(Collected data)

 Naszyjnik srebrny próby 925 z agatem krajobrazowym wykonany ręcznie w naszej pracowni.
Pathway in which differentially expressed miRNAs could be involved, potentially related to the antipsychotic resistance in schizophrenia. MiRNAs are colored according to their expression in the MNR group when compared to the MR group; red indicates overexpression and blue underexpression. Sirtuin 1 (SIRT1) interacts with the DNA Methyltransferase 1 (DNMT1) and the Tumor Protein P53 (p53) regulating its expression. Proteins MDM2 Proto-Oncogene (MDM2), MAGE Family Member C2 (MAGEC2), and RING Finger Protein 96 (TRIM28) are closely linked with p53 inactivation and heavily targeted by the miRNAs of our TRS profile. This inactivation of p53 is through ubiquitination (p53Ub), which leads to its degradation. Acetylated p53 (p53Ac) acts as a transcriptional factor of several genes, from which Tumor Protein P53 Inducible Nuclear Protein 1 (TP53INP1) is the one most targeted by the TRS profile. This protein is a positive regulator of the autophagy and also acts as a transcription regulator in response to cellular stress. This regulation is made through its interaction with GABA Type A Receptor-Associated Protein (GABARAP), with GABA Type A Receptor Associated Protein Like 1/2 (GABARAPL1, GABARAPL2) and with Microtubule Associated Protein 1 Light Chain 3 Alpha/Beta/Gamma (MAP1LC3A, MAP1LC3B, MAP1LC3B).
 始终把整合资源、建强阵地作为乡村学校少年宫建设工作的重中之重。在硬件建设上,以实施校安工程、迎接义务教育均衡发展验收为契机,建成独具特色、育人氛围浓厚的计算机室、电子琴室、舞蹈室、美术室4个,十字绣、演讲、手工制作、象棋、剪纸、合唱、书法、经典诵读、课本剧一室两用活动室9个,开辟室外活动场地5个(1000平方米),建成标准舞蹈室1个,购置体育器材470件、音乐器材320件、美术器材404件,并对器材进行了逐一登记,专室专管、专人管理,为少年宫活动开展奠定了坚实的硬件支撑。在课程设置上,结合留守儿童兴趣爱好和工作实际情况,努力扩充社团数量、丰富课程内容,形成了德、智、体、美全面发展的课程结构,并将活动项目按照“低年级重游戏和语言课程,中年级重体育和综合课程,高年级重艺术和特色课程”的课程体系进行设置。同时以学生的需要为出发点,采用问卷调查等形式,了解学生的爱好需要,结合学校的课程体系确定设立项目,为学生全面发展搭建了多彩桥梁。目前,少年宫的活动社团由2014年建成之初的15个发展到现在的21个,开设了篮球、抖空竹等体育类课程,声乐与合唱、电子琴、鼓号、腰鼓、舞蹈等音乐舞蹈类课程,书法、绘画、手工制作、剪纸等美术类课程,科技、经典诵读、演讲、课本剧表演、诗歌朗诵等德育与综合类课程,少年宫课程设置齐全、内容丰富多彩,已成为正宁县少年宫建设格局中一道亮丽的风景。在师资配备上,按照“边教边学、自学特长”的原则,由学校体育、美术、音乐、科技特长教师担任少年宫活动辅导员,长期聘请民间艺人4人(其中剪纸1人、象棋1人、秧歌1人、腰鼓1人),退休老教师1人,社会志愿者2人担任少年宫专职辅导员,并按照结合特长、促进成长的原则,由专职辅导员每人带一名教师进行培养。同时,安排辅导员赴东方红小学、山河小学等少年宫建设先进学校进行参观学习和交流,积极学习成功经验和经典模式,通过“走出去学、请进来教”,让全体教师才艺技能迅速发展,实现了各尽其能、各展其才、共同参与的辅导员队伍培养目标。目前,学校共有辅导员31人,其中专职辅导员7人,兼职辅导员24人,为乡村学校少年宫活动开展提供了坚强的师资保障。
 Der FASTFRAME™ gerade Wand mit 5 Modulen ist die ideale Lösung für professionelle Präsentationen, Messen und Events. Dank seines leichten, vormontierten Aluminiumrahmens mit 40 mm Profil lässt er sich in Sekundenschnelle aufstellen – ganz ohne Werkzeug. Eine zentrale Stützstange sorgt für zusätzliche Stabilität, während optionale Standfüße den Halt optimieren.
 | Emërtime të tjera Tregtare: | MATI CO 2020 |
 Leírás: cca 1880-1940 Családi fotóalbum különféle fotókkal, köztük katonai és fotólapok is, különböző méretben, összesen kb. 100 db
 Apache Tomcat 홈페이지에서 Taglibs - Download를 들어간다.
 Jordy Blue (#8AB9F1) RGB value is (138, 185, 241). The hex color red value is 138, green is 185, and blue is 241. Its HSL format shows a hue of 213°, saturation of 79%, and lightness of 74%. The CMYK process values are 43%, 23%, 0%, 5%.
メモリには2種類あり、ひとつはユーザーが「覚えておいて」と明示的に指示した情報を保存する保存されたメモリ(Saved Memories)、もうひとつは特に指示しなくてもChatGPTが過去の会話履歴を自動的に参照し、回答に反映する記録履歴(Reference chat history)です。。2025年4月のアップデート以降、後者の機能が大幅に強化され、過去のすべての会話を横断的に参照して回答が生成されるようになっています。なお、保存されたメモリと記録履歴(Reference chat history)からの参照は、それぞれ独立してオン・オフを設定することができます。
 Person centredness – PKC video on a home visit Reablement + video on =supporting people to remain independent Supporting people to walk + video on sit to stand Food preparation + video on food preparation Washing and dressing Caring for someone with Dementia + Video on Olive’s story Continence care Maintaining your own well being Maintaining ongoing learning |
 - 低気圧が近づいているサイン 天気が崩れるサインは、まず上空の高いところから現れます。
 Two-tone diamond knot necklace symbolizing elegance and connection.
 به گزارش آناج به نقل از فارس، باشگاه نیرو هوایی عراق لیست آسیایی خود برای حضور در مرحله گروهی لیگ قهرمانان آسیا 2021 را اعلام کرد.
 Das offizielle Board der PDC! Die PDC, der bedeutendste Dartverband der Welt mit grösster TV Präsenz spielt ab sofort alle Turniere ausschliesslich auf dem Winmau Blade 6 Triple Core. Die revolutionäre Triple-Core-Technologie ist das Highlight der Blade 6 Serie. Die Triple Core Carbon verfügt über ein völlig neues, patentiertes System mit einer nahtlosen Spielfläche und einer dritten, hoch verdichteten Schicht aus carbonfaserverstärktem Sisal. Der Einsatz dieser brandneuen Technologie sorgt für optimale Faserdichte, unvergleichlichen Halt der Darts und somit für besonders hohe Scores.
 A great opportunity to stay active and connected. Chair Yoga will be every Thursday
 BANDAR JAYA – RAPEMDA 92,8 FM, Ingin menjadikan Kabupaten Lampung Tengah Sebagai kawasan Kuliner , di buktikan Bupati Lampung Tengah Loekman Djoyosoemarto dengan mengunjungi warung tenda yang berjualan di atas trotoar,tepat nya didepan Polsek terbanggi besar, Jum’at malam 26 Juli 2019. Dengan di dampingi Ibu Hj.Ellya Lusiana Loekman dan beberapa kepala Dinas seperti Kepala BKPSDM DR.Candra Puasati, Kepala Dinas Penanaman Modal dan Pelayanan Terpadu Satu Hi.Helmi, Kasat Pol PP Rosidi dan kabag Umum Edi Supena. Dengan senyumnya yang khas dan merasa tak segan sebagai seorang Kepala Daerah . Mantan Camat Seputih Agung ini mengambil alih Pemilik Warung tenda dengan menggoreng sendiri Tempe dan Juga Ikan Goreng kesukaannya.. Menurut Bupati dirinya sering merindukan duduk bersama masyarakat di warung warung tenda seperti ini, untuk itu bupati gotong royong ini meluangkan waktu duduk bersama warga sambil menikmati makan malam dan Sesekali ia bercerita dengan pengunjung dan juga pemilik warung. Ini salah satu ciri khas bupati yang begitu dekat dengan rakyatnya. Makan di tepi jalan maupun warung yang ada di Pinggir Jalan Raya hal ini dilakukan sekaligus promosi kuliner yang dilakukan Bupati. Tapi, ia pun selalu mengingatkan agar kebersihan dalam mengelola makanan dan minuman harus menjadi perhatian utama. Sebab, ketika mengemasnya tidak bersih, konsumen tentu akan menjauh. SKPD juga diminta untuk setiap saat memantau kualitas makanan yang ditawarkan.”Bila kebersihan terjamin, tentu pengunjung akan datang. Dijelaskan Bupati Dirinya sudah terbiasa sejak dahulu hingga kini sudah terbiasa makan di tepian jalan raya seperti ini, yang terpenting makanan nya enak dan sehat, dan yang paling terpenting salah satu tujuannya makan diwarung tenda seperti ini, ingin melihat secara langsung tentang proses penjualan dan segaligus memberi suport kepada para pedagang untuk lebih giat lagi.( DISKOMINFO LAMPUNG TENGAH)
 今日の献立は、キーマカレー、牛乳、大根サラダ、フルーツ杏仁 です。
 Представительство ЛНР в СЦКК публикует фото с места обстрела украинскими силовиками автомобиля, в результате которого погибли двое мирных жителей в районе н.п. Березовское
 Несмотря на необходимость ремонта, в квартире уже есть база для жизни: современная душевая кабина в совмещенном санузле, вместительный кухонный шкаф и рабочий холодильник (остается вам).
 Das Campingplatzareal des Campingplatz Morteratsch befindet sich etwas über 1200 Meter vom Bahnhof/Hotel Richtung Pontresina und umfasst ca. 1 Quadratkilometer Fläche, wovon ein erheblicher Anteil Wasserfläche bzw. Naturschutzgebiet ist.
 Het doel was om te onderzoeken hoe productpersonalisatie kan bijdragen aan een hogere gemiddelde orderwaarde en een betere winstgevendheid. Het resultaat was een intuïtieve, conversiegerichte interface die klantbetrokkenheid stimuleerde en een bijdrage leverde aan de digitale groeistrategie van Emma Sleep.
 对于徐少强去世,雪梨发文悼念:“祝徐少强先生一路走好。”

Task description: Look through the records and gather every line containing "sorgt".

Answer to this task:
 Der FASTFRAME™ gerade Wand mit 5 Modulen ist die ideale Lösung für professionelle Präsentationen, Messen und Events. Dank seines leichten, vormontierten Aluminiumrahmens mit 40 mm Profil lässt er sich in Sekundenschnelle aufstellen – ganz ohne Werkzeug. Eine zentrale Stützstange sorgt für zusätzliche Stabilität, während optionale Standfüße den Halt optimieren.
 Das offizielle Board der PDC! Die PDC, der bedeutendste Dartverband der Welt mit grösster TV Präsenz spielt ab sofort alle Turniere ausschliesslich auf dem Winmau Blade 6 Triple Core. Die revolutionäre Triple-Core-Technologie ist das Highlight der Blade 6 Serie. Die Triple Core Carbon verfügt über ein völlig neues, patentiertes System mit einer nahtlosen Spielfläche und einer dritten, hoch verdichteten Schicht aus carbonfaserverstärktem Sisal. Der Einsatz dieser brandneuen Technologie sorgt für optimale Faserdichte, unvergleichlichen Halt der Darts und somit für besonders hohe Scores.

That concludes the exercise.